Though it’s an uncommon complication, Dr. Villani notes that approximately half of cancer patients are eligible to receive ICI therapies as a part of treatment or clinical trial. This translates to a large number of patients that could potentially be affected. 

Immune checkpoint inhibitor myocarditis

In the heart, this side effect is known as immune checkpoint inhibitor myocarditis, or irMyocarditis. Myocarditis in general refers to inflammation of the heart muscle, which weakens the heart and reduces its ability to pump blood to the rest of the body. 

Signs and symptoms of irMyocarditis can include:  

• Chest pain
• Fatigue
• Shortness of breath
• Muscle or bone pain 

“Myocarditis is seen in the general population in the setting of viruses. Some viruses actually go to the heart and can cause inflammation of the heart muscle. Most people who get myocarditis related to a virus do fine, even though it sounds scary,” explains Tomas Neilan, MD, MPH, a Mass General Brigham cardiologist. Dr. Neilan is a member of the SIC team and the director of the Cardio-Oncology Program at Mass General.  

For patients on immune checkpoint inhibitor therapy, irMyocarditis is an uncommon complication. “Usually the clinicians taking care of these patients look carefully for the development of this particular side effect. If you don’t diagnose it quickly, it can become even more serious,” Dr. Neilan says. irMyocarditis can lead to potentially fatal events like arrhythmia and heart failure.  

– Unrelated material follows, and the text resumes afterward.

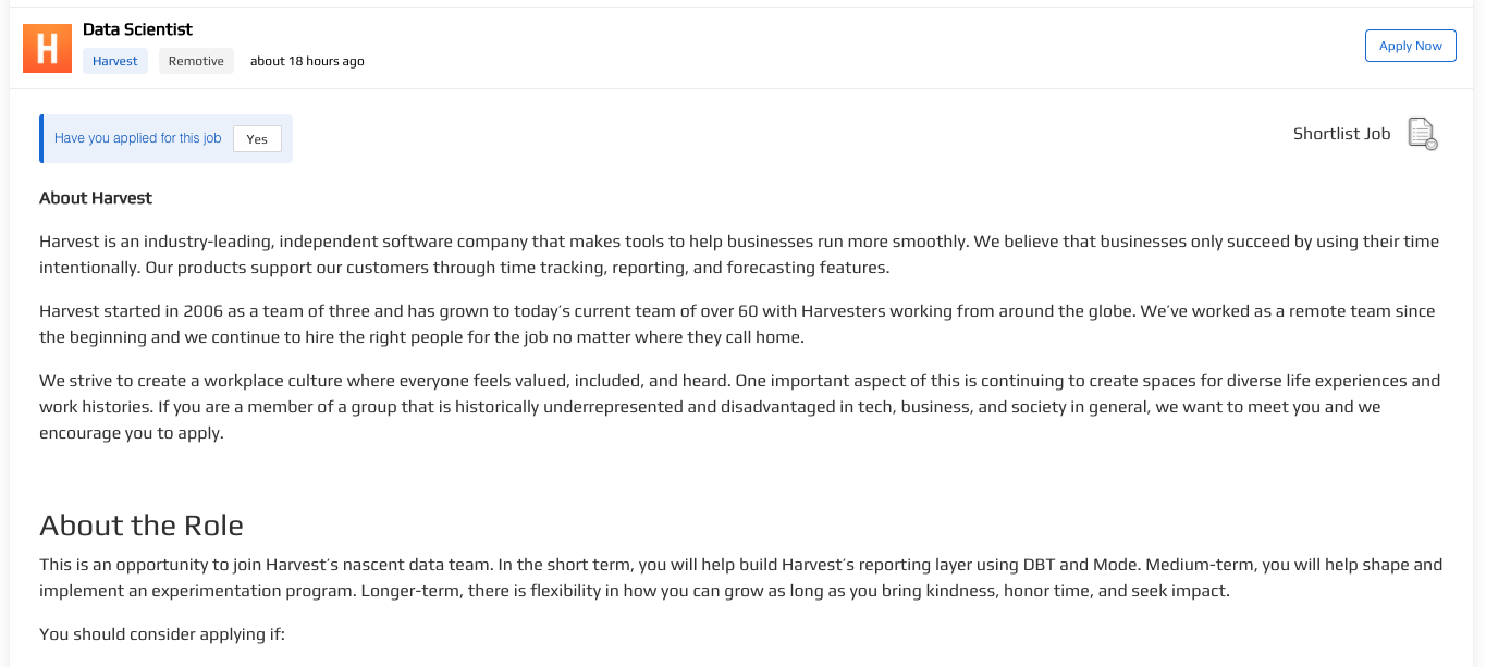 If the job matches with your skill set you can shortlist to review later point of time or you can apply it by going to their careers site. Once you apply for the job mark the job as applied to track it, so that It will be useful in future job hunts.

Research on immunotherapy side effects, including irMyocarditis 

Researchers in the SIC effort are looking for ways to better understand, diagnose, and treat complications from immunotherapy, including irMyocarditis. “Can we predict who’s at risk? Because that could change the way we manage care and prioritize patient diagnosis and treatment,” Dr. Villani explains.  

In their study in Nature, a research team including senior authors Drs. Villani, Reynolds, and Neilan collected heart, blood, and tumor samples from immunotherapy cancer patients at Mass General. The samples of 28 patients who had developed irMyocarditis were compared with a control group of 41 unaffected patients. A team in Dr. Villani’s lab used new cutting-edge genomics technology to study each patient’s samples at the cellular level. 

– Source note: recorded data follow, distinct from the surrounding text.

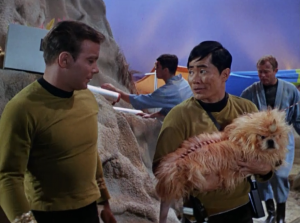The priority of beaming people up from the surface was 1. Geological Technician Fisher (because he was injured) 2. Captain Kirk 3. Sulu’s freak dog? all by itself?
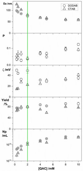 Figure 3 showed the desired properties for the PMMA/QAC dispersions at 2 mM QAC (green line), which was the concentration selected for the evaluation of antimicrobial activity. At 2 mM DODAB or CTAB, there was low size, low polydispersity, high zeta-potential, high yield, high Np and good colloidal stability for the PMMA/QAC NPs.
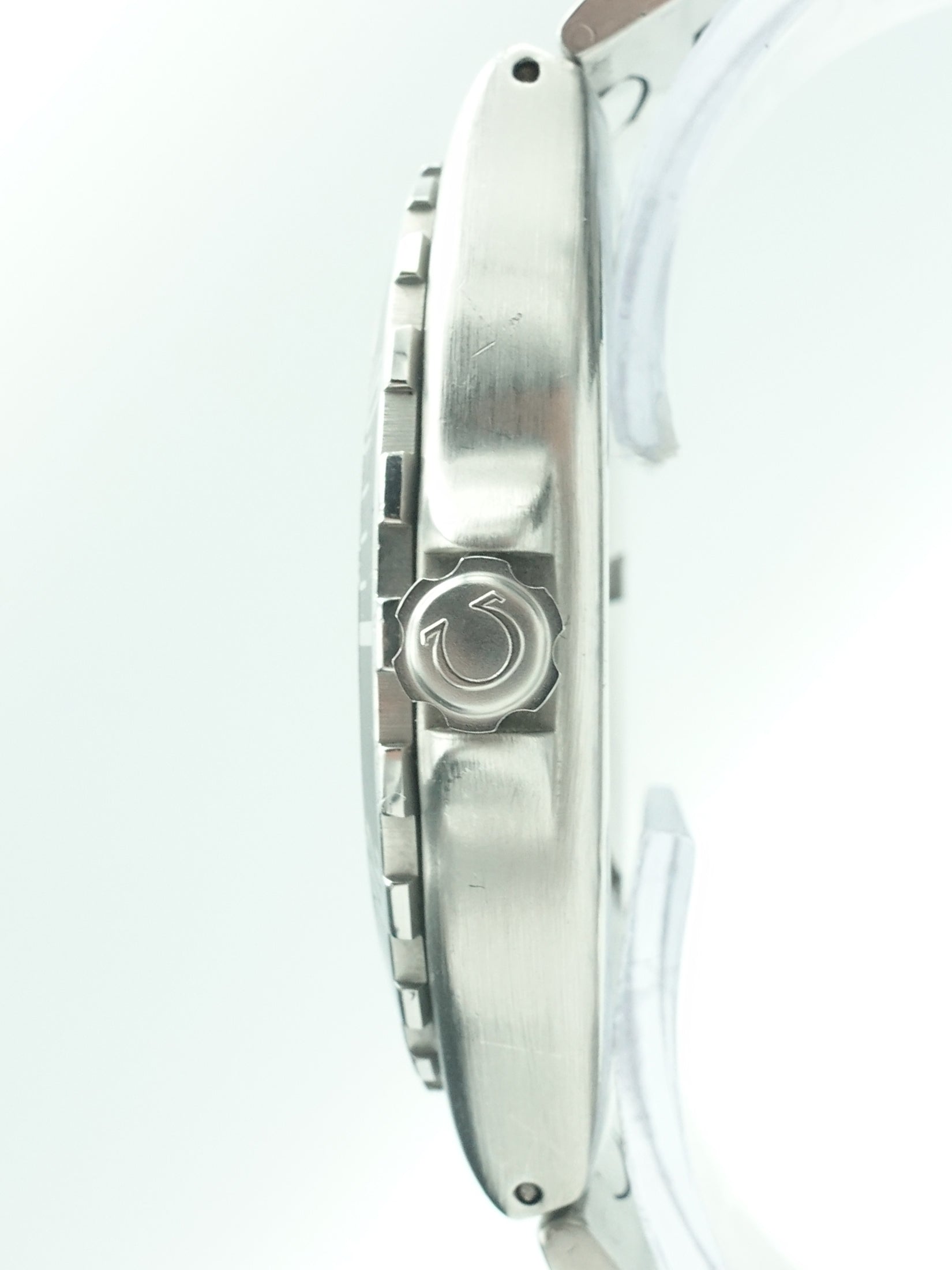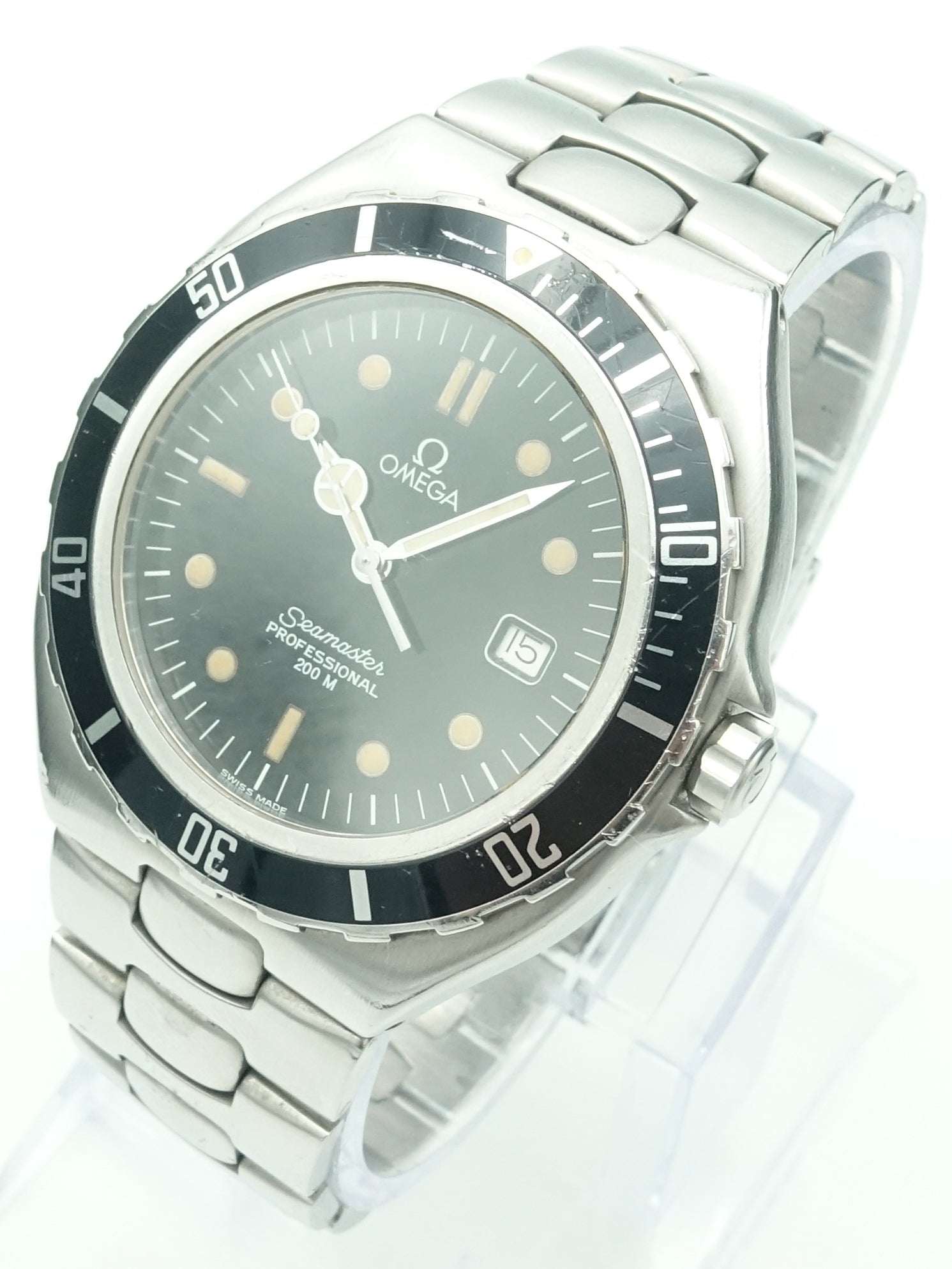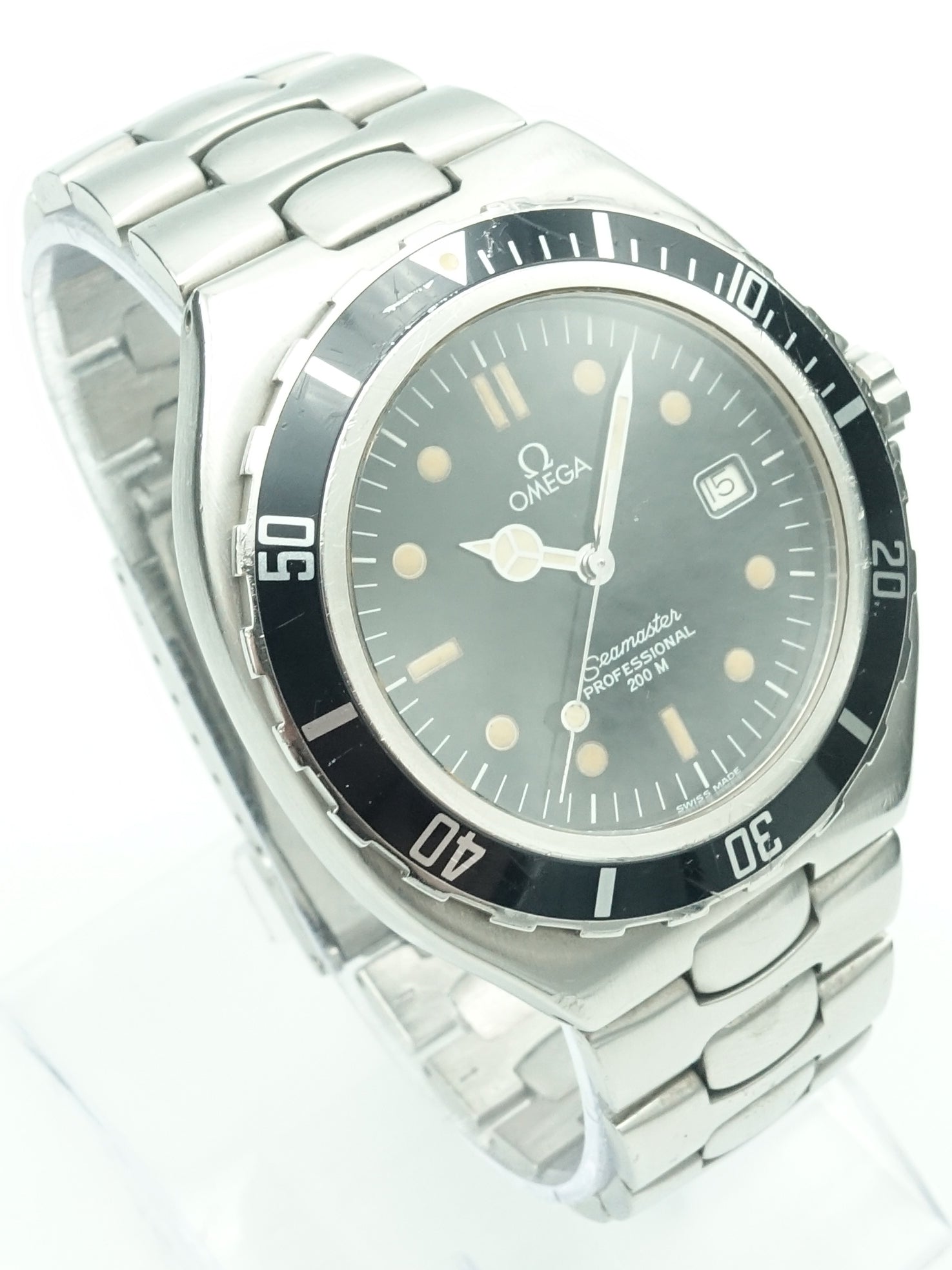 The watch features a 40mm stainless steel case with an integrated bracelet, embodying the design aesthetics that preceded the Seamaster models associated with the James Bond franchise. Its black dial is complemented by a unidirectional rotating bezel, underscoring its functionality as a professional dive watch.

“The single-cell genomics technologies that we have at Mass General allow us to isolate individual cells from tissue and blood and profile their genomic content with high resolution one cell at a time. We can then reconstruct the cellular composition of blood and tissue in patients and controls, enabling us to infer not only which cells are present, but also whether each cell exhibits normal or pathogenic features,” says Dr. Villani.

The team found specific changes in the heart among the irMyocarditis patients. They also found factors in blood samples that could predict whether a patient’s irMyocarditis disease presentation would be fatal. Their research showed that the immune response in the heart was different than the immune response that targets the tumor.  

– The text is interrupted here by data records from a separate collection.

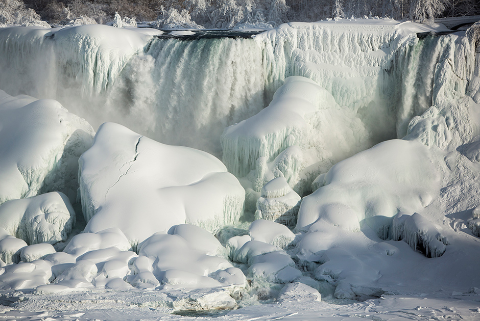 Это только третий случай в истории, когда Ниагарский водопад постностью покрылся льдом, образуя живописный ледяной рельеф. Происходит эта аномалия раз в столетие, предыдущие «заморозки» Ниагары случились в 1848 и 1912 годах. В прошлом году журналисты сообщали о замерзании водопада, но это оказалось не совсем правдой: вода замерзла лишь частично.
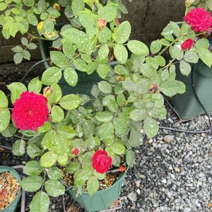 6月5日 (木) おはようございます☀ カラッとした晴れで午前中は、過ごしやすい気温ですが、午後からは、 暑くなりそうです😅 二番花 🌹ローズポンパドゥール たくさんの開いて来ました🎶 🌹オデュッセイア 蕾もたくさんです✨ 軒下組さんは、綺麗な葉っぱですが それ以外は、黒点病で葉っぱ汚いです💦
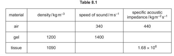 8 (a) Table 8.1 shows some data relating to the properties of air, gel and body tissue. The data are given to three significant figures.
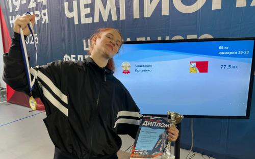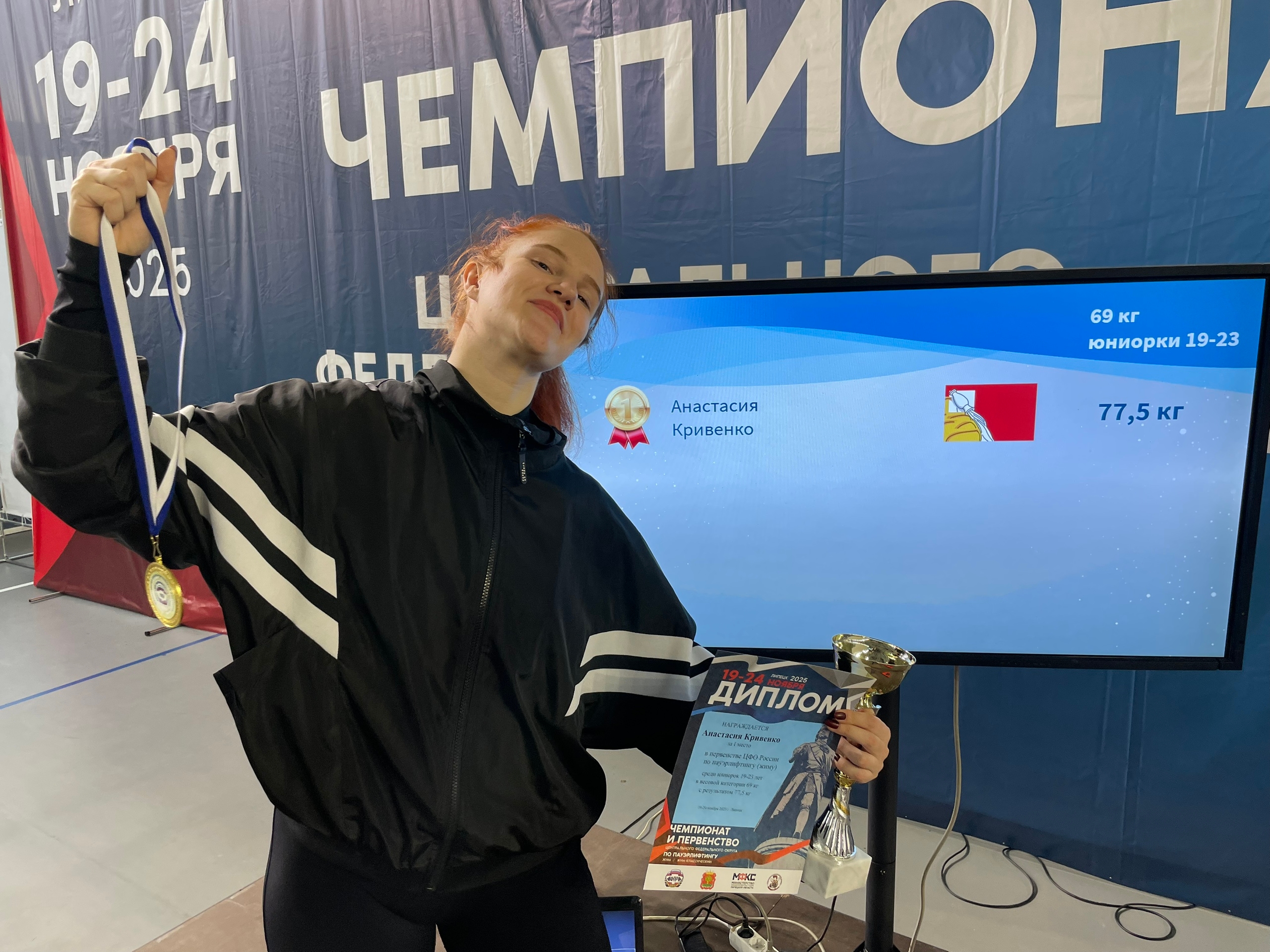 Студентка 4 курса тренерского факультета Анастасия Кривенко пожала 77,5 кг и стала абсолютной чемпионкой ЦФО по жиму штанги лёжа, обновив действующий рекорд Воронежской области по жиму штанги лёжа в весовой категории до 69 кг.

Drs. Villani, Reynolds, and Neilan with their teams are conducting further research that aims to find more targeted treatments. Ideally, patients would be able to receive treatment for their irMyocarditis while also continuing their current immune checkpoint inhibitor immunotherapy regimen. 

“If there are different things that the immune system is attacking, then you might be able to treat them differently. You could allow the immunotherapy to continue to work its magic on the cancer, but actually fix the heart inflammation at the same time,” Dr. Neilan confirms.  

While further research is needed in a larger group of patients, the researchers are excited by the findings. “The results from our study give so much hope,” says Dr. Villani. “We learned so much about what key biological players are likely driving the biology of the heart inflammation associated with the use of immunotherapy, which lays the path for follow-up research. Such critical achievements were only possible because of the generosity of these patients and the amazing multidisciplinary team we have.”